→ What you should do: When the line with "Convert the site" turns up below, begin repeating exactly, and carry on through the line with "The prototypes are"; no pictures go into the copy.

→ Data:
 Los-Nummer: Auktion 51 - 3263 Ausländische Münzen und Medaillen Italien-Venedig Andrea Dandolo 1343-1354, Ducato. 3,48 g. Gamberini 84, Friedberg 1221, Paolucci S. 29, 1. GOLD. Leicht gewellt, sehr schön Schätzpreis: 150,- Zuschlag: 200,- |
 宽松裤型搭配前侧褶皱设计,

* * *

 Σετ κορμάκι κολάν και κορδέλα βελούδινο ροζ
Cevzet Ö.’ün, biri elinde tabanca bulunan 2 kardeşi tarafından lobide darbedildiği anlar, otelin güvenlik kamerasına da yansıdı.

...

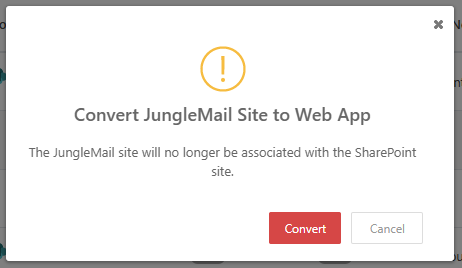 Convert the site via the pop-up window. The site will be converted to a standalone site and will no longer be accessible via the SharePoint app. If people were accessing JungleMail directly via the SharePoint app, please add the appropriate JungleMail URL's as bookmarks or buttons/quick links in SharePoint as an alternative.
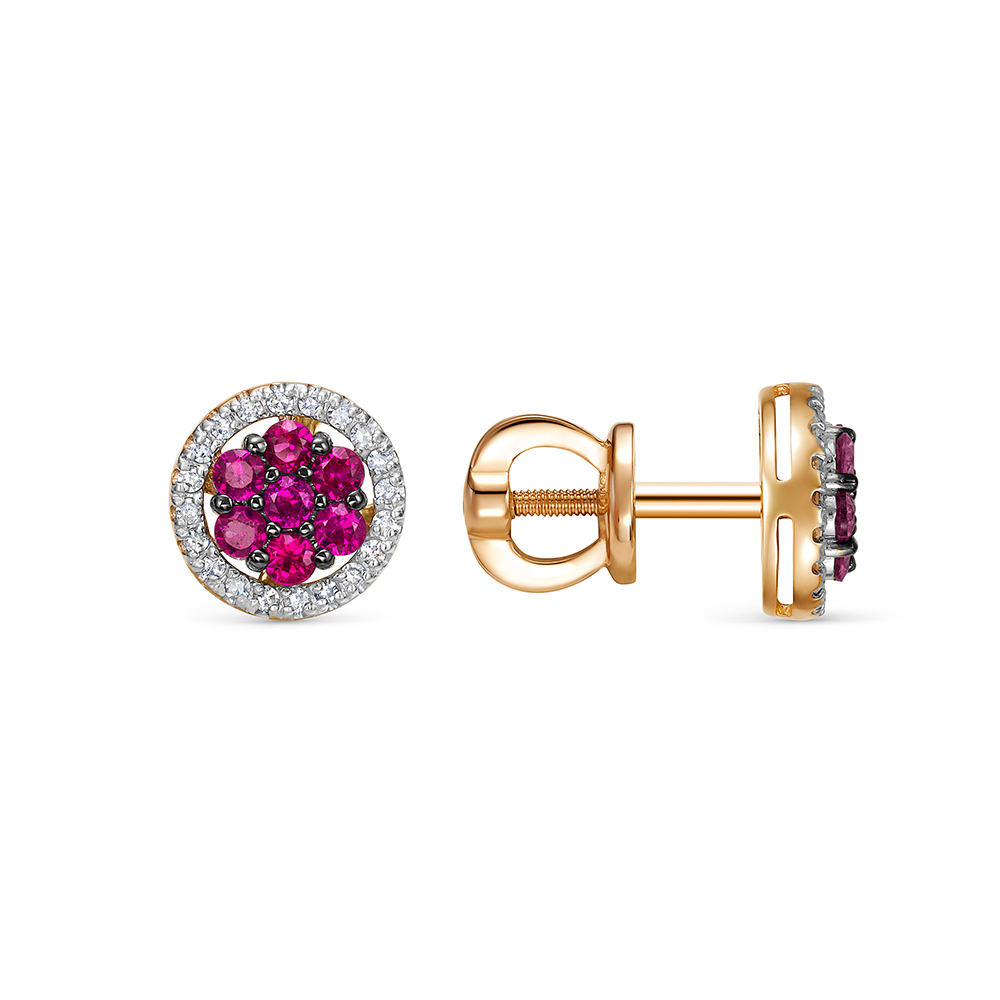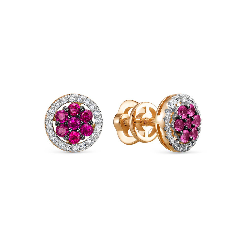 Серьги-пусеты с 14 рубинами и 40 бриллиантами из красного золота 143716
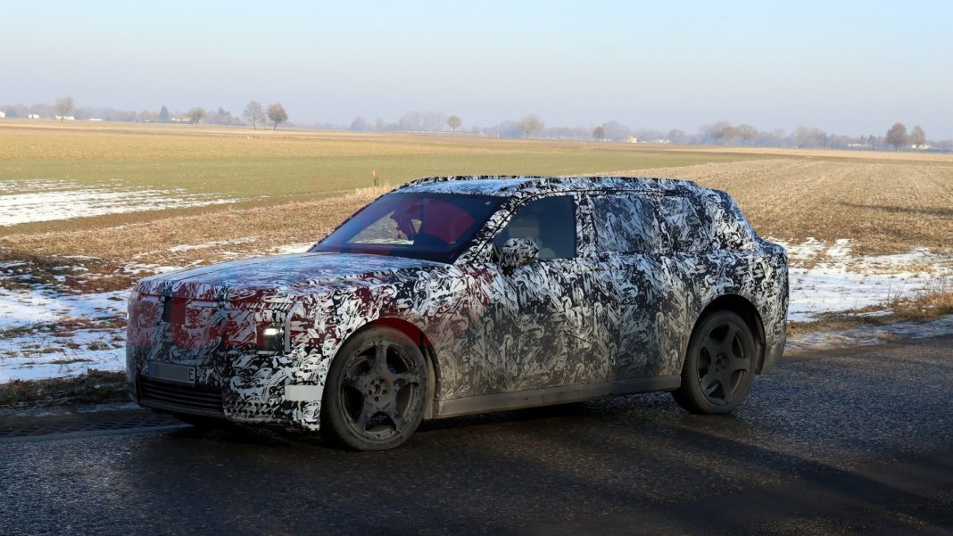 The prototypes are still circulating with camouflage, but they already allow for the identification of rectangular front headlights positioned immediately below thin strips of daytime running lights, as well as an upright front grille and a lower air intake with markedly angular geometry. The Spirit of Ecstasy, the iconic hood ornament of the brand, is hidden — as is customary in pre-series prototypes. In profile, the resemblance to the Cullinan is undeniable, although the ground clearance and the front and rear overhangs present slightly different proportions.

→ Task result:
 Convert the site via the pop-up window. The site will be converted to a standalone site and will no longer be accessible via the SharePoint app. If people were accessing JungleMail directly via the SharePoint app, please add the appropriate JungleMail URL's as bookmarks or buttons/quick links in SharePoint as an alternative.
 Серьги-пусеты с 14 рубинами и 40 бриллиантами из красного золота 143716
 The prototypes are still circulating with camouflage, but they already allow for the identification of rectangular front headlights positioned immediately below thin strips of daytime running lights, as well as an upright front grille and a lower air intake with markedly angular geometry. The Spirit of Ecstasy, the iconic hood ornament of the brand, is hidden — as is customary in pre-series prototypes. In profile, the resemblance to the Cullinan is undeniable, although the ground clearance and the front and rear overhangs present slightly different proportions.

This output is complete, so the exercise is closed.